Remember “2001: A Space Odyssey” and “The Terminator”? Back in the day when computer science and the general public were realizing the full potential of artificial intelligence, futuristic movies stirred a primal fear that computers would become so smart that they could take over the world. Since then, advances in AI have been astounding. Machines now analyze visual data like scenes and faces, understand natural language, and even learn. But don’t worry about global domination, we’re told, computers are a long way from being self-aware or able to think like humans. Most importantly, they will never have the ability to feel emotions.

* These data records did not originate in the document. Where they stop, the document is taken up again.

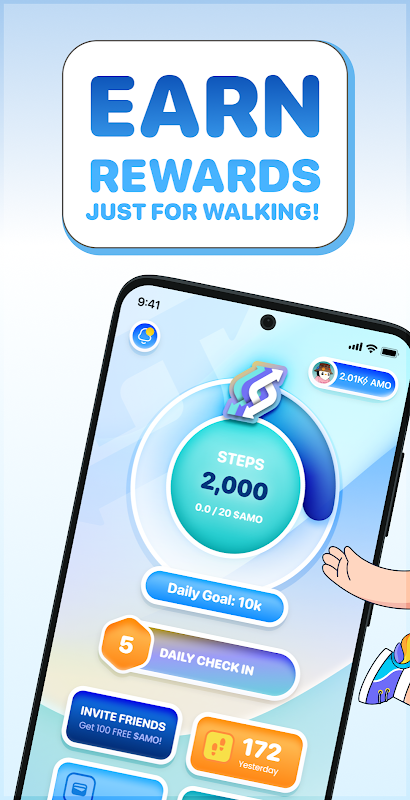 Amino Move applications that rewards you with AMO tokens for taking steps.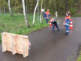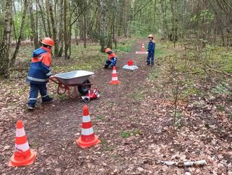 Am 29. April waren alle Jugendwehren der Stadt Vetschau eingeladen, sich bei einem Orientierungslauf zu messen. Insgesamt 53 Kameradinnen und Kameraden der Jugendfeuerwehr zwischen 6 und 18 Jahren trafen sich am Start der ca. 5 km langen Rundstrecke am Sommerbad. 20 Betreuer, Feuerwehrleute der Ortswehren, hatten für den Orientierungslauf 6 Stationen vorbereitet, an denen die Teilnehmer ihr Wissen und Geschick beweisen konnten. In kleinen Gruppen ging es dann auf die Strecke. An der Station „Schlauchkegeln“ musste versucht werden, mit einem Schlauch Flaschen umzukegeln, was gar nicht so leicht war. An einer anderen hieß es „Sägen und Schätzen“. Die angehenden Feuerwehrkameraden sollten eine Baumscheibe mit einer genauen Breite von 5 cm absägen und im umliegenden Wald ein Holzstück mit einem Gewicht von genau 2 kg finden. Alle Stationen hatten ein gewisses Zeitlimit, dass es einzuhalten galt. Man merkte, dass die Kids einen riesen Spaß dabei hatten. Am Schluss waren die Kinder alle sichtlich geschafft. Zur Mittagszeit hatte die Feuerwehr Göritz Logistik ein Versorgungszelt aufgestellt.
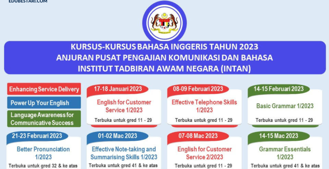 Perhatian buat penjawat awam gred 11 hingga 41 dan ke atas! Pusat Pengajian Komunikasi dan Bahasa, Institut Tadbiran Awam Negara (INTAN) Jalan Elmu akan menganjurkan kursus-kursus Bahasa Inggeris sepanjang tahun 2023 mengikut ketetapan seperti di dalam poster.
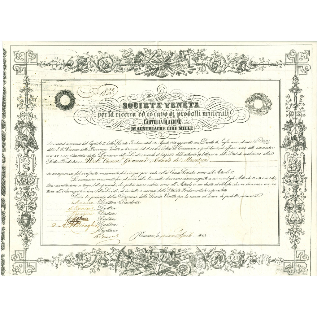 La storia della compagnia fu strettamente connessa alla nascita di progetti ferroviari e alla crescente domanda di carbon fossile per le macchine a vapore nell’industria privata e negli stabilimenti statali. L’attività di ricerca di carbone, torba e lignite nelle province venete rivela chiaramente l’esistenza di un piano consapevole di investimenti per rimuovere l’assoluta dipendenza del Lombardo-Veneto dalla produzione britannica. Concepita da un pool di negozianti, banchieri e industriali - tra cui l’uomo d’affari bavarese Friedrich Christian Oexle (1801-1864), trapiantato stabilmente a Venezia - la società promosse la sottoscrizione di 2.000 azioni da 1.000 Lire austriache ciascuna, ancor prima di ottenere l’autorizzazione governativa nel 1838. L’impresa, nata in un clima di diffuso ottimismo, si mosse rapidamente per ottenere i permessi per i sondaggi in varie località montane del Veneto e del Tirolo, ingaggiando maestranze francesi, prussiane ed austriache. I risultati iniziali furono assai positivi con una produzione di carbon fossile dal 1843 al 1858 di 94.000 tonnellate ed un utile netto dal 1846 al 1854 pari a circa il 20% del capitale investito. Con la nuova ragione sociale di Società Veneta Montanistica, intraprese sondaggi estendendo le ricerche a minerali metalliferi come piombo, mercurio e argento. Tra il 1859 ed il 1862, anni tra i più critici per l’economia veneziana, realizzò nuovi investimenti in Carnia alla ricerca di rame e argento. L’ingente sforzo finanziario non fu però compensato e, nel 1870, la società chiuse il bilancio con un’ingente perdita. Resse tuttavia fino allo scioglimento, avvenuto nel 1897, rappresentando così una delle imprese più longeve fra tutte quelle fondate negli anni Trenta del secolo XIX.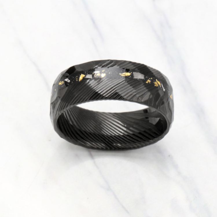 The Men’s Meteorite & Gold Damascus Ring is a bold fusion of craftsmanship, cosmic material, and modern masculine design. Precision-forged in Damascus steel, this ring features a unique facet-hammered finish, creating deep texture and striking light reflections from every angle.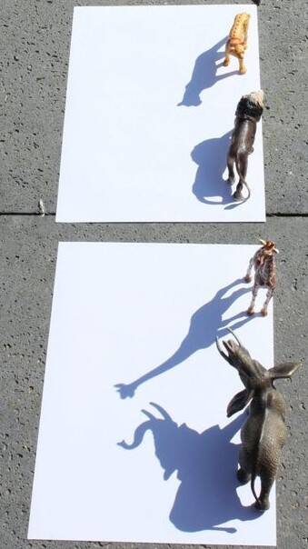 1. Schaduw tekenen: pak papier en zet de speelfiguren zo neer, dat de schaduw op het papier verschijnt. Teken de buitenste lijnen en kleur ze daarna in.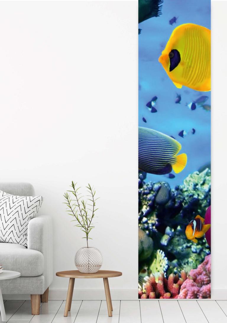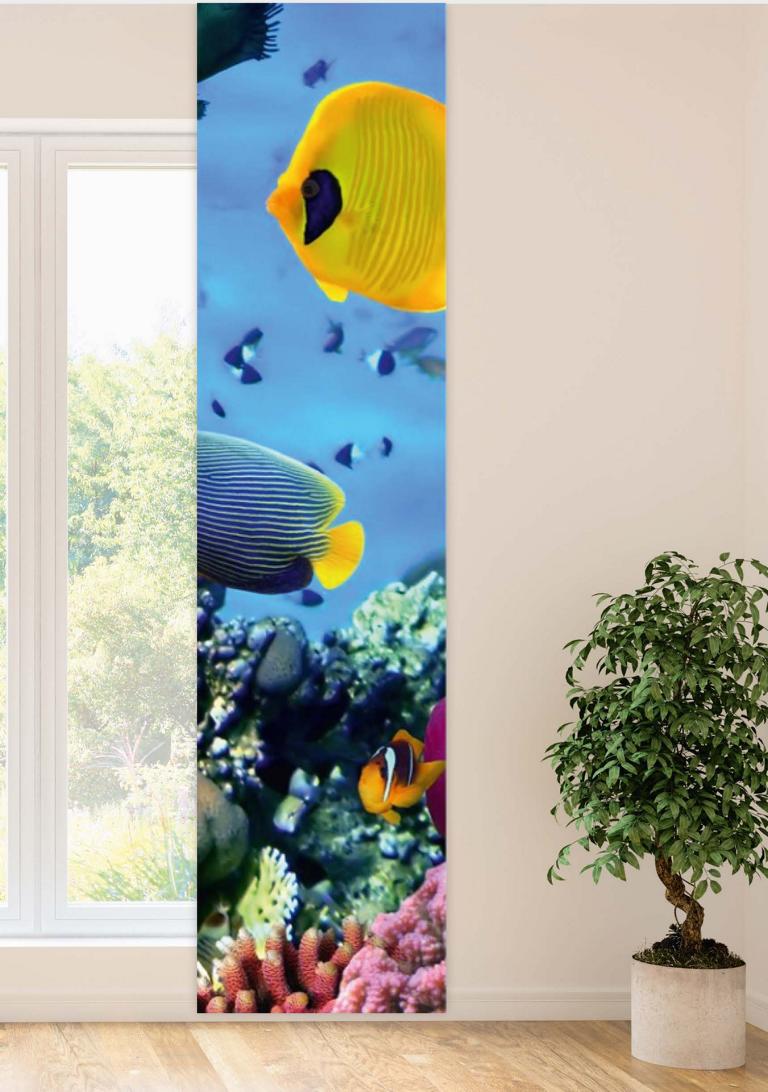 Dieser Flächenvorhang aus eigener Produktion bezaubert durch seine hohe Verarbeitungsqualität und den hochwertigen Druck der im Sublimations-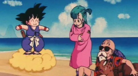 En uno de los primeros capítulos de Dragon Ball, el Maestro Roshi eleva su bastón e invoca a la nube voladora dejando sorprendidos a Bulma y Gokú. Gokú la recibe luego de haber ayudado a la vieja tortuga quien se encontraba atrapada en la arena.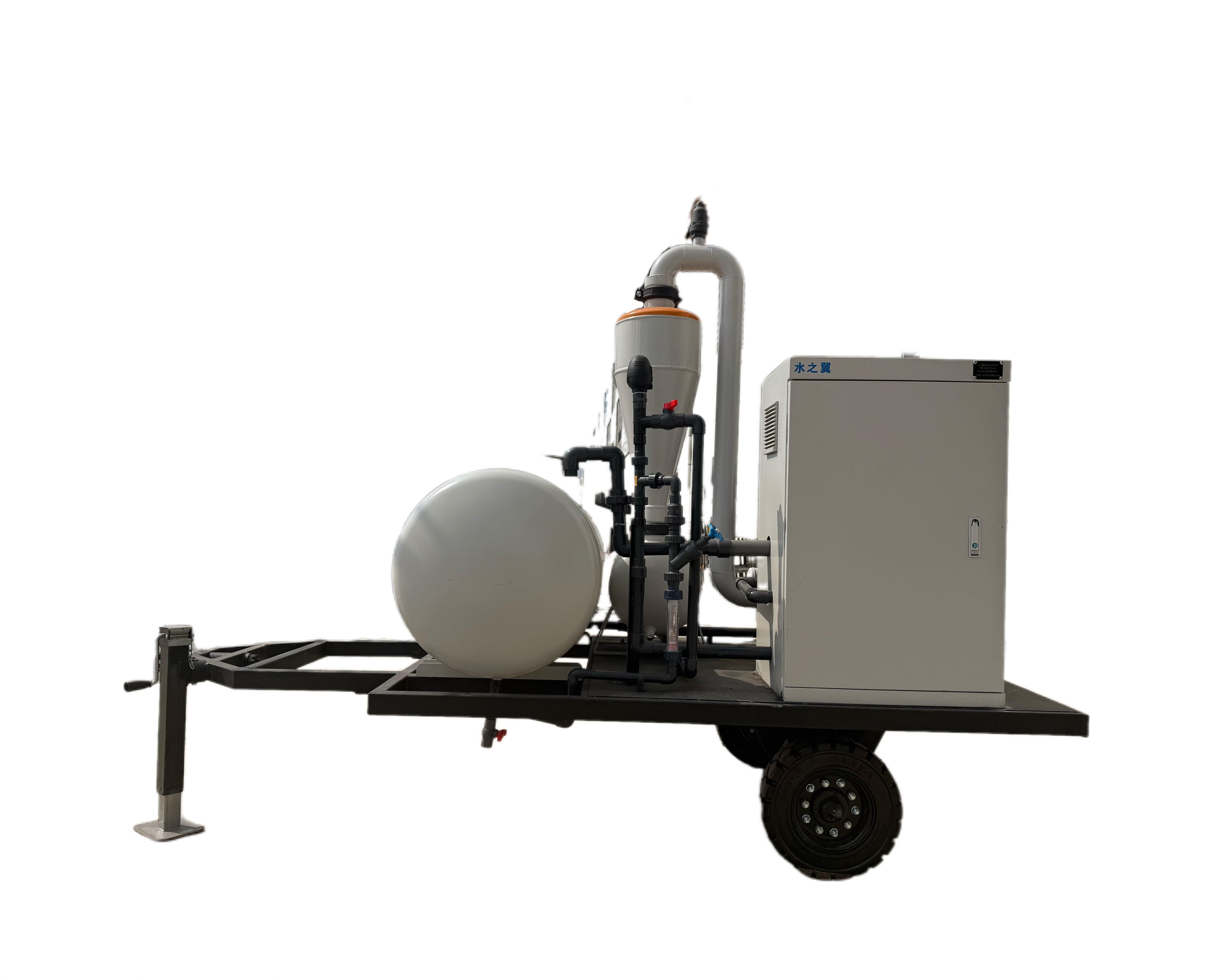 设备必须在一个坚实可靠的水平面上停放平稳。并配备一台符合流量扬程需求的水泵,将三相380V交流电接入设备进线端子。

Maybe not, but they can read them.


Emotion AI, a.k.a. affective computing or artificial emotional intelligence, originated in the 1990s to bolster earlier attempts to identify universal emotions communicated by facial expressions. This research needed a database of standardized photographic images and the burgeoning data-mining field could comply. Then machine learning techniques were applied to big data and emotion AI took off. It wasn’t long before other visual non-verbal communication modes were studied, such as gesture, posture, gait, unconscious body movements and biophysical signals like flushing and sweating. Auditory cues in speech and voice were also analyzed, such as intonation, emphasis, rhythm and pauses. This research is becoming more sophisticated each year and the current wealth of social media offers innumerable sources of images and vocalizations.